* [TRY IT] The entries below contain a stretch that opens with the line containing "Elevate your style" and closes with the line containing "他会给我们一个【陈旧的铁盒】"; set down that stretch exactly, both ends included, and nothing else.

* [EXERCISE DATA]
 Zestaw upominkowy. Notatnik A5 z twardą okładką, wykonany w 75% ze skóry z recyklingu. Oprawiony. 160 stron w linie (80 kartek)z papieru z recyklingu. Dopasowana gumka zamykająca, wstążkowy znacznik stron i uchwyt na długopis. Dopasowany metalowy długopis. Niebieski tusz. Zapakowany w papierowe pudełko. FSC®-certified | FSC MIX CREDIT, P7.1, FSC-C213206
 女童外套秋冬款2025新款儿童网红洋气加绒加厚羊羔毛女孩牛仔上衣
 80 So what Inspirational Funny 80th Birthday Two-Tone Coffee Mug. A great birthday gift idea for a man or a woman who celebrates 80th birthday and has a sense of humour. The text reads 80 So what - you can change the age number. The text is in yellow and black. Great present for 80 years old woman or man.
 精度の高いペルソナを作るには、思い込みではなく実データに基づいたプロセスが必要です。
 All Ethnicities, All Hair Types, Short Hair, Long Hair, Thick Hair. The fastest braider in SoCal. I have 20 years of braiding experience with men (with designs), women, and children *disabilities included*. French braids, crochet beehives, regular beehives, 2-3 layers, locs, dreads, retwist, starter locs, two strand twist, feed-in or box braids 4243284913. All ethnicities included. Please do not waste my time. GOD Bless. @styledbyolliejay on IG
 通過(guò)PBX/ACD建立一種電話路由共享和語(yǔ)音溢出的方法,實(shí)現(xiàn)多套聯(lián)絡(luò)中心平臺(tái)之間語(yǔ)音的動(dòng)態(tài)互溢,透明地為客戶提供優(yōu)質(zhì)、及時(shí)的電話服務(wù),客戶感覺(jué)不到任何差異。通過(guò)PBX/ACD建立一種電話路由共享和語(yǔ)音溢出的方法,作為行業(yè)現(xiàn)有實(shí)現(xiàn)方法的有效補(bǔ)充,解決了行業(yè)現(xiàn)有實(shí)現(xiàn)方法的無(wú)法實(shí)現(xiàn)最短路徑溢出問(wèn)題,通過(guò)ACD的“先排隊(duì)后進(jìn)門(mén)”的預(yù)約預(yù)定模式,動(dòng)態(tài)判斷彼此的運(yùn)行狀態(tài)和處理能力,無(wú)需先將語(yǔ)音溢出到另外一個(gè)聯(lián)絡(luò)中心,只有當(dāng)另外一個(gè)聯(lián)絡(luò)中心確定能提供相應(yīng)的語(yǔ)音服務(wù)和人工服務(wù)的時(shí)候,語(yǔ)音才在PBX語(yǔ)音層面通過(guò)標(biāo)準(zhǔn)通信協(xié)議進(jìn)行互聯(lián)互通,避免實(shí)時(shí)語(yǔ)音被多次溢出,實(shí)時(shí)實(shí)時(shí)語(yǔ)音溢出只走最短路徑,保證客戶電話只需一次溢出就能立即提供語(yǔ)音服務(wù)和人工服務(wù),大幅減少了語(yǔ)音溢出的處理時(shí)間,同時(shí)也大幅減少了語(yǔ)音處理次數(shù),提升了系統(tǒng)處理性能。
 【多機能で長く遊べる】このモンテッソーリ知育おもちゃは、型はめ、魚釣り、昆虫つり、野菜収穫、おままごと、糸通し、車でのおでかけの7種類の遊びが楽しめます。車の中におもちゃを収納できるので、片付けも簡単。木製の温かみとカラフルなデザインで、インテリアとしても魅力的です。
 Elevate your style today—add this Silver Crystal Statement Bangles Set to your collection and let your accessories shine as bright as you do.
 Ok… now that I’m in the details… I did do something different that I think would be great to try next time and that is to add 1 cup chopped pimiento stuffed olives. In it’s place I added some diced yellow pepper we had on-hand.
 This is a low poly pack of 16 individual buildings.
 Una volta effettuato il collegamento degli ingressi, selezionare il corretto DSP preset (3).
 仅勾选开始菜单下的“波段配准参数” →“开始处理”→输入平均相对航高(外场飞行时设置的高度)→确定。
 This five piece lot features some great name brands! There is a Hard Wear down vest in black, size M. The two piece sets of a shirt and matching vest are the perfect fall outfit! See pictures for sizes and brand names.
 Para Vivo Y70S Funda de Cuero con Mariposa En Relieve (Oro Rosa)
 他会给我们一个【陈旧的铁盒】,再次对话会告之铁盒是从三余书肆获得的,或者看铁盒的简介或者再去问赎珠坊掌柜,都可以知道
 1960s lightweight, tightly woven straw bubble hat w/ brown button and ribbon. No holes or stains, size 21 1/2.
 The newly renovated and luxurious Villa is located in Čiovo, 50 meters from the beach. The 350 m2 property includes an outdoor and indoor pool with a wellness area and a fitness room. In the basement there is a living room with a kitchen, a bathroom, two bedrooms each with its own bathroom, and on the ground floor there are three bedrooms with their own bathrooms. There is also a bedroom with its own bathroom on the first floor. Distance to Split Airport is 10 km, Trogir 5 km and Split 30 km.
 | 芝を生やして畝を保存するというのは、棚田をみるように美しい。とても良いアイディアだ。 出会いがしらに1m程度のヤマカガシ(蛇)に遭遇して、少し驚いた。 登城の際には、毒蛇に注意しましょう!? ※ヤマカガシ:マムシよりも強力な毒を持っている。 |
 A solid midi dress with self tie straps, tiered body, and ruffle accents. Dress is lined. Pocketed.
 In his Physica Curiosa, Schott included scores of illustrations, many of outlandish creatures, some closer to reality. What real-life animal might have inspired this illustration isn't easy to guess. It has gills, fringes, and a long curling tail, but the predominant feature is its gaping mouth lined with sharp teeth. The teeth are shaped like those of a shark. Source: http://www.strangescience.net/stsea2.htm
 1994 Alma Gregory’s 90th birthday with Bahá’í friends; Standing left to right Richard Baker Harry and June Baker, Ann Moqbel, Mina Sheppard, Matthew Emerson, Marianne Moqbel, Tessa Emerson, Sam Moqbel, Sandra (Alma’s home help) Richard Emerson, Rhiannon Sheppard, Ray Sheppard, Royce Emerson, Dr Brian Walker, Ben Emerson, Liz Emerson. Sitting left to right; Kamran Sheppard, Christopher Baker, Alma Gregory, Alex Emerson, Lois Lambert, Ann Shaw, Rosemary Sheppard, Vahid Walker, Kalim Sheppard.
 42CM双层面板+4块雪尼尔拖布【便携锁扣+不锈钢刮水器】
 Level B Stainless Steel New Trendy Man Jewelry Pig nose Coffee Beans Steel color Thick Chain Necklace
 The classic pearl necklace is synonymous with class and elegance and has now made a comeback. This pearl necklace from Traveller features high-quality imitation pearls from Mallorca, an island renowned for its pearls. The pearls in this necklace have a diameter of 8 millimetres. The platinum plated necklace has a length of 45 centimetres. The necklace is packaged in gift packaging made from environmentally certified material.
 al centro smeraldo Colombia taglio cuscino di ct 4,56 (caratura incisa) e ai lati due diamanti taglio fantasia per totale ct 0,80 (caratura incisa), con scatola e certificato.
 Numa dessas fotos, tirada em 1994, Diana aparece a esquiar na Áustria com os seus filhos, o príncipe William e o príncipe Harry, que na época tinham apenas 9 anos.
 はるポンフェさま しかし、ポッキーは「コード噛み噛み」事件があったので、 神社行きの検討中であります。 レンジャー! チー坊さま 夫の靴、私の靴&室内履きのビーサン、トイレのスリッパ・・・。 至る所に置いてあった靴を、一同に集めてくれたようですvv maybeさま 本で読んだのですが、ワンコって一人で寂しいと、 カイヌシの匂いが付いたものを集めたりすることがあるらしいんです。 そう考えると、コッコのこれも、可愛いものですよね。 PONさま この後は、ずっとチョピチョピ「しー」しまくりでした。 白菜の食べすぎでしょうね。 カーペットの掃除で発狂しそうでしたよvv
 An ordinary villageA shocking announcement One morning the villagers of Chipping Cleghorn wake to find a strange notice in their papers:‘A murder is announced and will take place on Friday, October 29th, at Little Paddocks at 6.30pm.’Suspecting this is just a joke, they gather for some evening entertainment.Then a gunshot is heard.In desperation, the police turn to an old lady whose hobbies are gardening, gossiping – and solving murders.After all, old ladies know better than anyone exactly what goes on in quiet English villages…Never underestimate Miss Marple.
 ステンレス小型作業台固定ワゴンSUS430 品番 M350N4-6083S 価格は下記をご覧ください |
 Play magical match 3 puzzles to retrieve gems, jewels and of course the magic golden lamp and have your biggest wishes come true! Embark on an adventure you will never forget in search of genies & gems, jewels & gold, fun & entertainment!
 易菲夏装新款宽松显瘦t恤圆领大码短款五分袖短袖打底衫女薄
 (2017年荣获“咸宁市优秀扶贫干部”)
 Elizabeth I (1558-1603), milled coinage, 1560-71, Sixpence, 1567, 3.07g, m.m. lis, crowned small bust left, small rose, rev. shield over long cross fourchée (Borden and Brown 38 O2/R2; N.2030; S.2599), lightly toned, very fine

* [SOLUTION BELOW]
 Elevate your style today—add this Silver Crystal Statement Bangles Set to your collection and let your accessories shine as bright as you do.
 Ok… now that I’m in the details… I did do something different that I think would be great to try next time and that is to add 1 cup chopped pimiento stuffed olives. In it’s place I added some diced yellow pepper we had on-hand.
 This is a low poly pack of 16 individual buildings.
 Una volta effettuato il collegamento degli ingressi, selezionare il corretto DSP preset (3).
 仅勾选开始菜单下的“波段配准参数” →“开始处理”→输入平均相对航高(外场飞行时设置的高度)→确定。
 This five piece lot features some great name brands! There is a Hard Wear down vest in black, size M. The two piece sets of a shirt and matching vest are the perfect fall outfit! See pictures for sizes and brand names.
 Para Vivo Y70S Funda de Cuero con Mariposa En Relieve (Oro Rosa)
 他会给我们一个【陈旧的铁盒】,再次对话会告之铁盒是从三余书肆获得的,或者看铁盒的简介或者再去问赎珠坊掌柜,都可以知道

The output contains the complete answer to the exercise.